During the downlink data phase, UAV users are very sensitive to the strong inter-cell interference generated from a plurality of BSs, which are likely to be in line-of-sight. This may result in performance degradation, preventing UAVs from receiving critical C&C information, which has an approximate rate requirement of 60-100 kbps. Indeed, Figure 2 shows how conventional cellular networks (‘SU’) can only guarantee 100 kbps to a mere 6% of the UAVs flying at 150 meters. A conventional massive MIMO system (‘mMIMO’) enhances the data rates, albeit only 33% of the UAVs reach 100 kbps when they fly at 300 meters. This is due to a well-known effect: pilot contamination. Such an effect is particularly severe in scenarios with UAV users, since they can create strong uplink interference to many line-of-sight BSs simultaneously. In contrast, the pilot contamination decays much faster with distance for ground UEs.

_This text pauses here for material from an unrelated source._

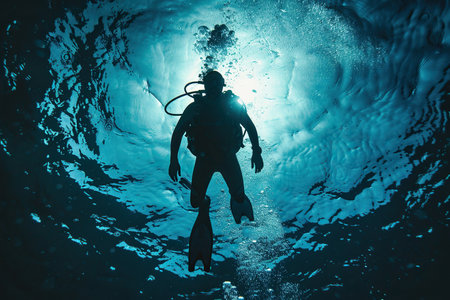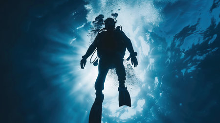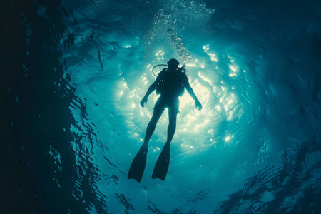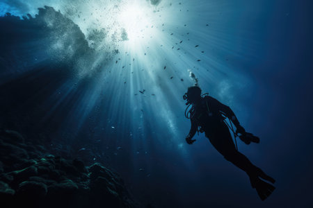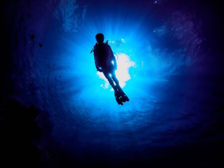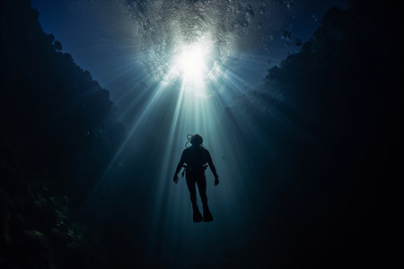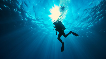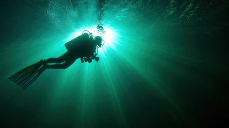Silhouette of a scuba diver underwater in the rays of light

In a nutshell, Figure 2 tells us that complementing conventional massive MIMO with explicit inter-cell interference suppression (‘mMIMO w/ nulls’) is essential when supporting high UAVs. In a ‘mMIMO w/ nulls’ system, BSs incorporate additional signal processing features that enable them to perform a twofold task. First, leveraging channel directionality, BSs can spatially separate non-orthogonal pilots transmitted by different UAVs. Second, by dedicating a certain number of spatial degrees of freedom to place radiation nulls, BSs can mitigate interference on the directions corresponding to users in other cells that are most vulnerable to the BS’s interference. Indeed, these additional capabilities dramatically increase the percentage of UAVs that meet the 100 kbps requirement when these are flying at 300 m, from 33% (‘mMIMO’) to a whopping 98% (‘mMIMO w/ nulls’).

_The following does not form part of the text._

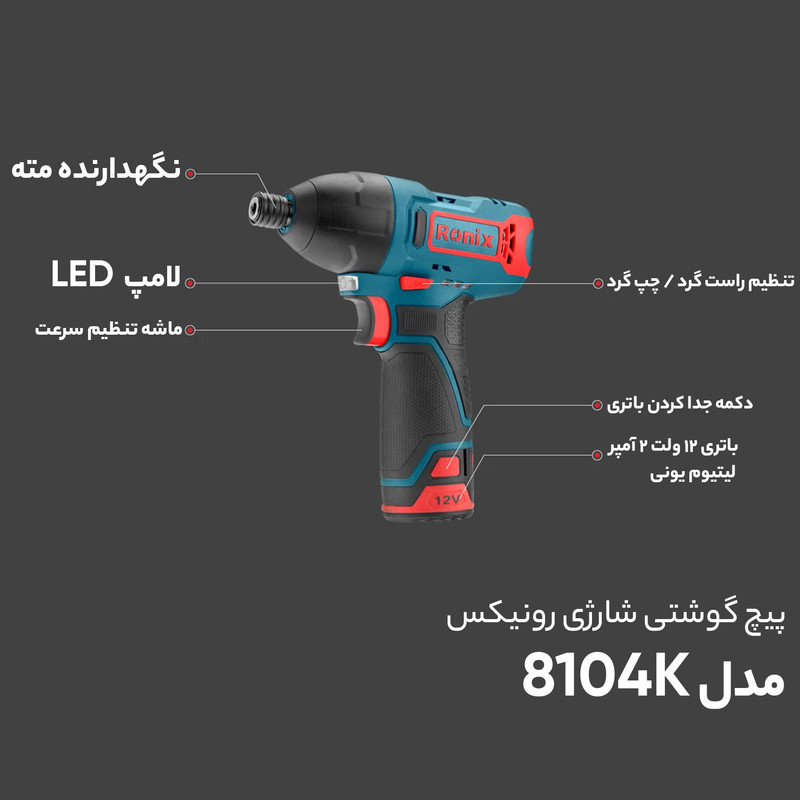 از یک موتور DC 12 ولت باقدرت وراندمان بالا بهره برده است. این موتور سرعتی بالغ بر 2200 دوردر دقیقه تولید می کند که به سه نظام آن منتقل شده وسری پیچ گوشتی هایی تا قطر 1.4 اینچ را به گردش در می آورد. موتوری که گشتاور فوق العاده 120 نیوتن متری را برای این ابزار پرکاربرد به وجود آورده و امکان پیچ کاری در سطوح چوبی و فلزی را برای آن میسر کرده است به علاوه این محصول دارای قابلیت پیچ کاری چکشی نیز هست که برای باز کردن پیچ های قدیمی و خورده شده و بستن پیچ در سطوح متراکم کاربرد دارد. دارای موتوری با کارایی بالا که منبع تغذیه این محصول شارژی یک باتری لیتیوم-یون 12 ولتی با ظرفیت 2 آمپرساعت است. به این معنی که باتری مورد نظر در مدت یک ساعت 2 آمپر جریان الکتریکی برای موتور تامین کرده و انرژی مورد نیاز آن برای حرکت را به وجود می آورد. خود باتری با یک فست شارژر باکیفیت در مدت زمان 50 الی 60 دقیقه از صفر تا صد شارژ می شود و به همین وسیله سرعت فعالیت کاربر را افزایش می دهد. بدنه دارای طراحی منحصربفردی با روکشی از جنس رابر باکیفیت و مقاوم در برابر انواع ضربات احتمالی و سقوط از دست کاربر است که علاوه بر این ضدتعریق و ضدلغزش نیز بوده و از لرزش دستگاه در دست کاربر جلوگیری می کند این بدنه بسیار سبک با حدود 1.64 کیلوگرم وزن، کوچک و با استحکامی فوق العاده است که باعث خستگی کاربر نشده و امکان استفاده در ساعت های طولانی و پرفشار را برای کاربر به وجود می آورد. تنظیم سرعت این پیچ گوشتی توسط یک کلید گازی انجام می گیرد. با فشار انگشت بر کلید گازی اصلی، ابزارگیر دستگاه شروع به حرکت می کند و با دکمه چپگرد و راستگرد جهت حرکت آن مشخص می شود. تمامی کلیدهای تعبیه شده بر بدنه 8104K از نوع کلیدهای ضدغبار باکیفیتی است که با جلوگیری از ورود گردوغبار به داخل دستگاه از استهلاک قطعات داخلی آن جلوگیری می کند و در نتیجه موجب افزایش طول عمر مفید محصول می شود.یک چراغ LED پرنور زیر ابزارگیر محصول تعبیه شده است که نقطه پیچ کاری را در محیط های تاریک روشن می کند تا فعالیت کاربر به دقت انجام گیرد.این دستگاه مجهز به چراغ نشانگر میزان شارژ باتری است.

Figure 2. Percentage of UAVs with a downlink C&C rate above 100 kbps for three representative UAV heights. ‘SU’ denotes a conventional cellular network with a single antenna port, ‘mMIMO’ represents a system with 8×8 dual-polarized antenna arrays and 128 antenna ports, and ‘mMIMO w/ nulls’ complements the latter with additional space-domain inter-cell interference suppression techniques.

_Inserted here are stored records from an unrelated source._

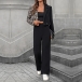 This chic set features a classic plaid pattern that adds a touch of elegance and refinement to your outfit. The crop blazer offers a modern and tailored fit, while the straight-cut pants provide a sleek and polished silhouette. Wear the pieces together for a coordinated and chic look, or mix and match them with other items in your wardrobe for versatile styling options.
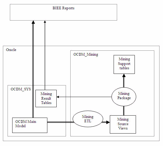 The Oracle Communications Data Model mining consists of two schemas: ocdm_mining and ocdm_sys. Figure 10-1 shows how these schemas function in Oracle Communications Data Model mining.
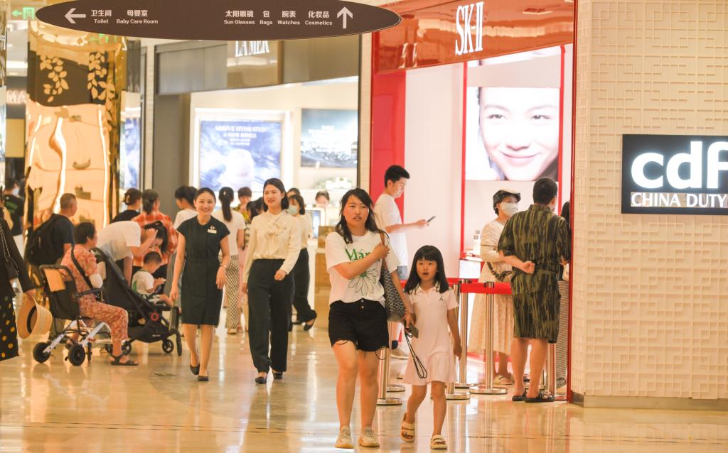 7月12日,游客在中免集團??谌赵聫V場(chǎng)免稅店選購商品。(新華社記者楊冠宇攝)

3. Uplink UAV-to-BS transmissions

Unlike the downlink, where UAVs should be protected to prevent a significant performance degradation, it is the ground users who we should care about in the uplink. This is because line-of-sight UAVs can generate strong interference towards many BSs, therefore overwhelming the weaker signals transmitted by non-line-of-sight ground users. The consequences of such a phenomenon are illustrated in Figure 3, where the uplink rates of ground users plummet as the number of UAVs increases.

Again, ‘mMIMO w/nulls’ – incorporating additional space-domain inter-cell interference suppression capabilities – can solve the above issue and guarantee a better performance for legacy ground users.

Figure 3. Average uplink rates of ground users when the number of UAVs per cell grows. ‘SU’ denotes a conventional cellular network with a single antenna port, ‘mMIMO’ represents a system with 8×8 antenna dual-polarized antenna arrays and 128 antenna ports, and ‘mMIMO w/ nulls’ complements the latter with additional space-domain inter-cell interference suppression techniques.

Overall, the efforts towards realizing aerial wireless networks are just commencing, and massive MIMO will likely play a key role. In the exciting era of fly-and-connect, we must revisit our understanding of cellular networks and develop novel architectures and techniques, catering not only for roads and buildings, but also for the sky.